A stereotypical well-balanced student. BENJAMIN-LAPPALAINEN/THE VARSITY

Some of the most famous historical intellectuals are praised not only for their creativity but the diversity of their talents. Leonardo da Vinci was not only one of the most important painters of his time, but also an author, inventor, and mathematician. In his spare time, when he wasn’t developing the modern principles of physics, Isaac Newton was also a famed philosopher, astronomer, and mathematician. 

In contrast, the academic environment at modern North American universities veers away from ‘Renaissance scholarship’ towards models of educational specialization. 

Considering the current employment market, there may be practical limitations on applying the broad educational approaches of the Renaissance. However, extremely specialized education comes with its own disadvantages. By creating strict boundaries between areas of interest, students are divided into educational camps. Such divisions limit empathy and discussion between disciplines.

It is against this backdrop that one division between the arts (social sciences, humanities, and fine arts) and the sciences (mathematics and physical sciences, life sciences, and engineering) is particularly prominent. When students are confronted with a perspective that stems from outside their own educational backgrounds, confusion ensues.

For example, as a criminology and ethics, society, and law student, I benefit from an education in the social sciences. My classes involve discussion of current events, debates on controversial issues, and dialogues on equity. 

Yet, when a professor brings statistical data into the conversation, the level of anxiety in the room spikes. Anything involving numbers can induce horrifying flashbacks; among us, it has become acceptable to be terrible at math.

Furthermore, I know students in the sciences and engineering who recoil in the face of sociopolitical issues. From the perspective of students who do not regularly discuss them, ethical debates are put aside in favour of the more concrete answers. This occurs, despite the significant implications of these debates: the Syrian refugee crisis and the marginalization of Aboriginal communities, for instance, are not issues that mathematical logic or scientific observation can solve, but this certainly does not mean students should not discuss them.

Instead of sticking to what they already know, students should strive to understand other fields, and learn from different disciplines. Only in this way can we become well-rounded.

Instead of sticking to what they already know, students should strive to understand other fields, and learn from different disciplines.

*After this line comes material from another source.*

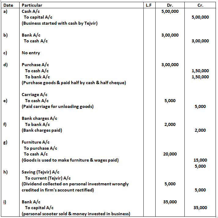- Tejvir sold his personal sector for 35,000 and deposited the amount in firm’s bank account.
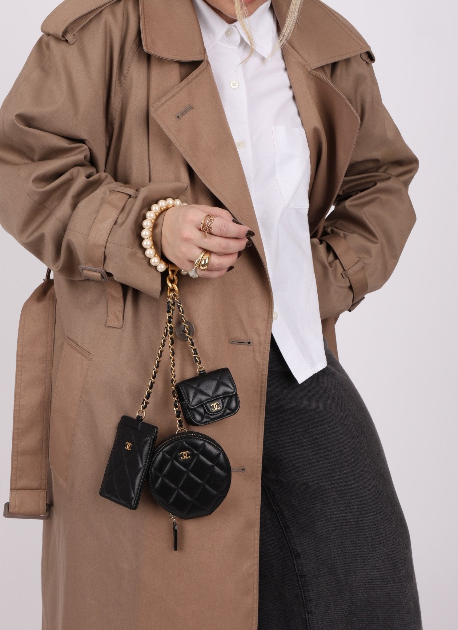This Chanel Trio Wristlet does it all- with a card holder, micro case, and zipper coin pouch all attached to a beautiful pearl bracelet, you can seamlessly hold your essentials en vogue!

The skills taught by other disciplines also have practical applications that cross academic boundaries. Statistical literacy and the scientific method are necessary for students undergoing research in the social sciences. Simultaneously, ethical protocols guide all trajectories in scientific research, ensuring that the rights of people and animals are protected.

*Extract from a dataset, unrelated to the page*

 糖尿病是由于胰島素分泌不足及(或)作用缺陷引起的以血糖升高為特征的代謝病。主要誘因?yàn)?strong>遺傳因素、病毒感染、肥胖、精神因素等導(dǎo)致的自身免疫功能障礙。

Clearly, elements of specialization are necessary for universities to prepare their students for careers in particular fields. In recognition of the importance of general education, efforts have been made within academic circles to strive towards well-roundedness, arguably reflecting the Renaissance ideal. 

The university offers interdisciplinary programs of study at the undergraduate and graduate level. It is also a graduation requirement that students fulfill breadth requirements by taking courses from different fields. The efficacy of the latter method in promoting general education is debatable — particularly since many students do not exactly go to great lengths to excel in breadth courses — yet, it at least opens doors for students who would not otherwise consider enrolling in classes outside of their programs of study.

Given persistent specialization within faculties and departments, the university should also continue to encourage collaborative scholarship across different disciplines. For example, the Hatchery at the Faculty of Applied Science and Engineering uses technology to solve social problems, while the Citizen Lab at the Munk School of Global Affairs focuses on the intersection of information technology, human rights, and security. 

Finally, it is important to keep in mind that the significance of education traverses beyond the narrow frameworks within which we are currently pursuing our studies. As students, we should therefore make efforts to step out of our academic comfort zones. Perhaps this generation’s Da Vinci has yet to pick up a paintbrush.

Teodora Pasca is a second-year student at Innis College studying criminology and ethics, society & law. She is The Varsity’s Associate Comment Editor. Her column appears every three weeks.